La critique fait naturellement partie de la vie sportive. Elle est même indispensable lorsqu’elle vise à améliorer les performances, à renforcer la gouvernance ou à corriger les dysfonctionnements. Cependant, une dérive inquiétante apparaît lorsque certains ne se contentent plus de critiquer, mais en viennent à souhaiter l’échec de la sélection nationale pour atteindre des objectifs personnels ou affaiblir des responsables qu’ils contestent.

Mais nous sommes aujourd’hui confrontés malheureusement à une réalité paradoxale. D’un côté, des millions de Tunisiens espèrent les victoires de leur équipe nationale parce qu’elles constituent des moments de joie, de fierté et de rassemblement dans un contexte économique et social souvent difficile. De l’autre, certains « malades » souhaitent les défaites de la Tunisie, car elles pourraient accélérer le départ d’une direction fédérale, fragiliser certains responsables ou servir les intérêts de groupes influents.

Comme si le bonheur de tout un peuple pouvait devenir un simple levier dans une lutte d’influence.

Cette logique est particulièrement dangereuse. Elle repose sur une vision de « terre brûlée » selon laquelle, si l’on ne peut accéder à une position ou imposer son point de vue, il faudrait alors que tout s’effondre. Dès lors, chaque erreur est amplifiée, chaque contre-performance exploitée et chaque résultat négatif transformé en argument au service d’une bataille qui dépasse largement le cadre sportif.
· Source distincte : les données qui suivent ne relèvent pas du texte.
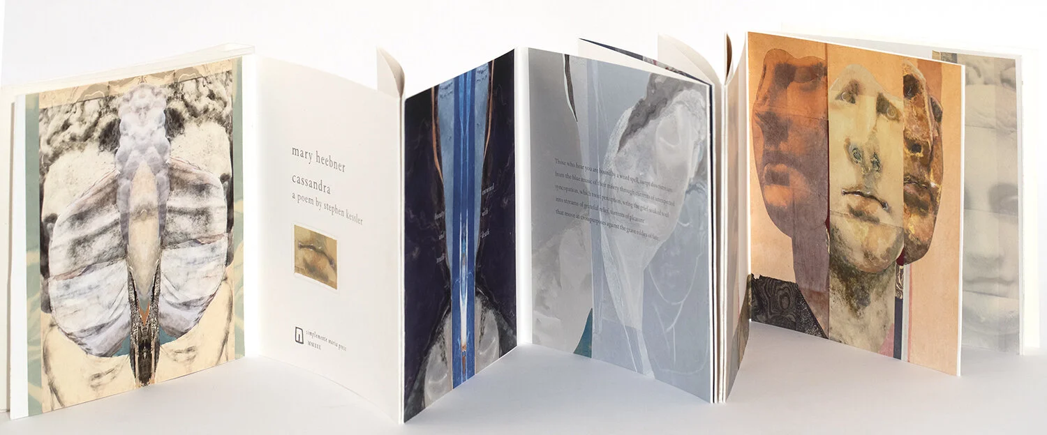 The lines of the poem, Cassandra, are printed letterpress across a fourteen panel accordion fold book, 10” x 10” x 1.50” containing manipulated digital images from the collage series, Veiled/Unveiled by Mary Heebner. Each spread is then individually embellished with collage and pigment. The book lays in a handcrafted powder coated metal box that is laser etched with an image.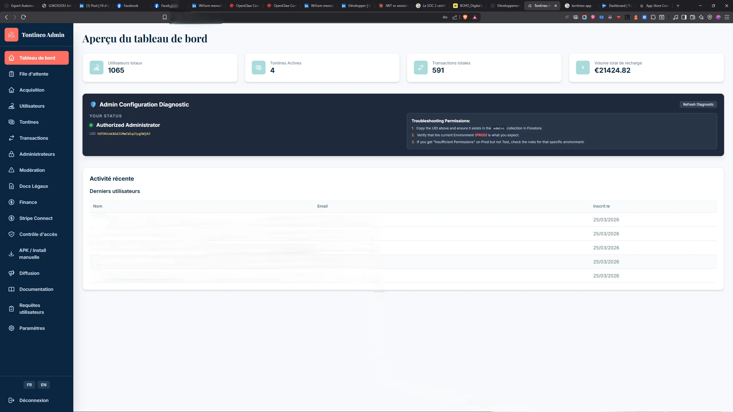 Backoffice complet pour Tontineo : gestion des utilisateurs, tontines, transactions, waitlist, permissions et configuration Stripe/Twilio depuis un tableau de bord centralisé.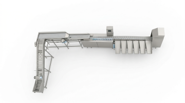 现代化工业场景,蓝色为主色调,清新明亮的光线,干净整洁的生产线,透明玻璃幕墙外是蓝天白云,绿色植物点缀在车间角落,机械臂精准运作,地面反光如镜,整体氛围充满科技感与希望
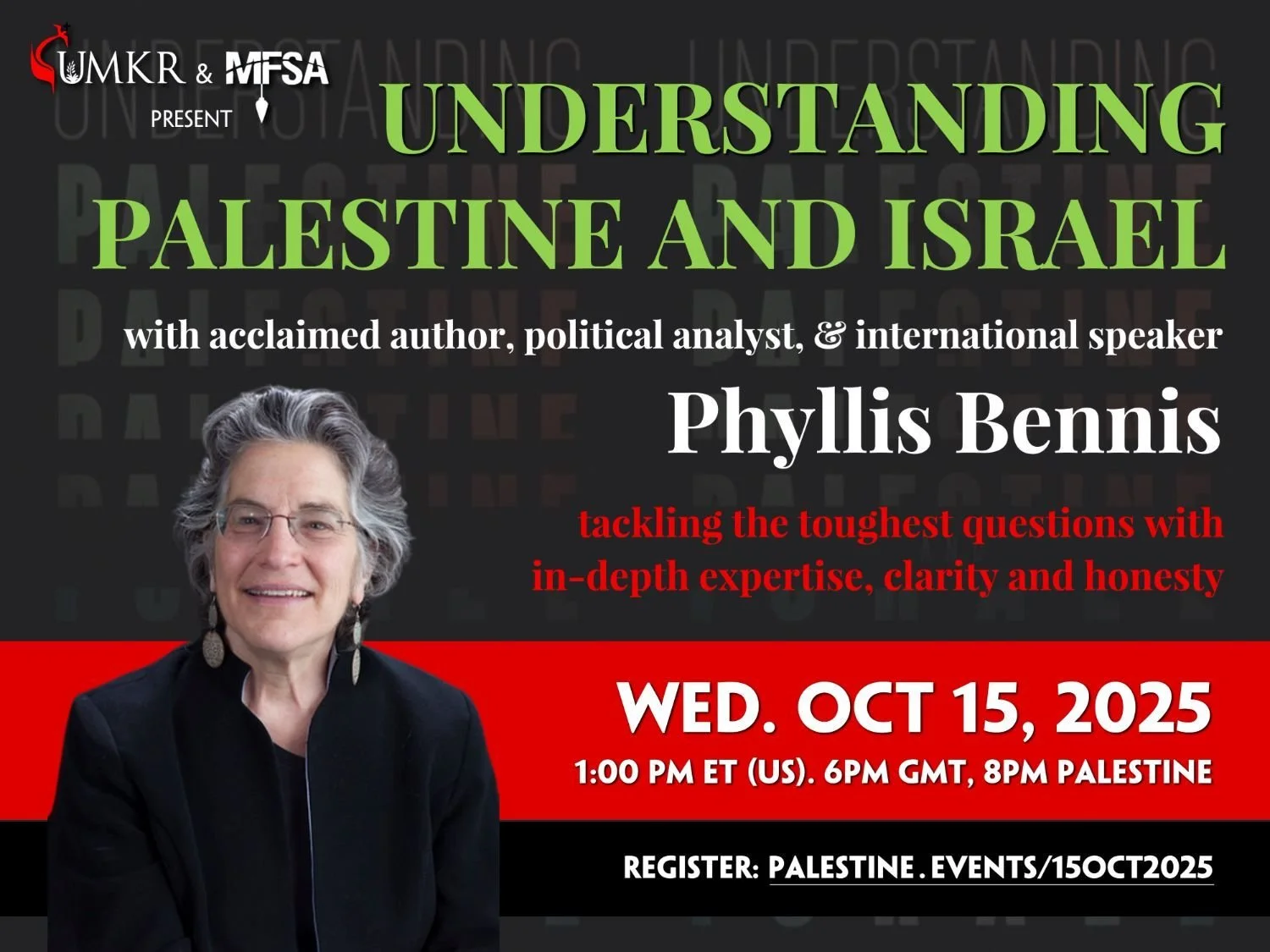 In this very special webinar, we will explore with her some of the most challenging questions that people around the world are grappling with, including: What are the root causes and the purpose of Israel's genocidal war that has raged since Oct 7, 2023? What should we know and understand about Hamas? In light of the ever-worsening horrors unfolding in Gaza, what are the most useful actions we can take? What to think of various plans that are arising for Gaza's future?

Nous assistons ainsi à une agitation permanente où la provocation, le pessimisme et la dévalorisation prennent parfois le dessus sur l’analyse objective. L’objectif n’est plus toujours la réforme ou l’amélioration du football national, mais l’élimination de l’adversaire afin de libérer l’espace pour ceux qui convoitent une place ou une influence.

Pourtant, l’histoire montre que ceux qui se réjouissent aujourd’hui de la chute des autres peuvent demain connaître le même sort. Les victoires comme les défaites sont passagères, tandis que les divisions qu’elles alimentent peuvent laisser des traces durables.

Plus préoccupante encore est l’exploitation des émotions populaires. Le supporter ordinaire ne s’intéresse ni aux rivalités de coulisses, ni aux calculs électoraux, ni aux luttes d’influence entre dirigeants ou entre clubs. Il souhaite simplement voir son pays représenté avec dignité, ressentir de la fierté en voyant flotter son drapeau et partager un moment d’unité autour des couleurs nationales.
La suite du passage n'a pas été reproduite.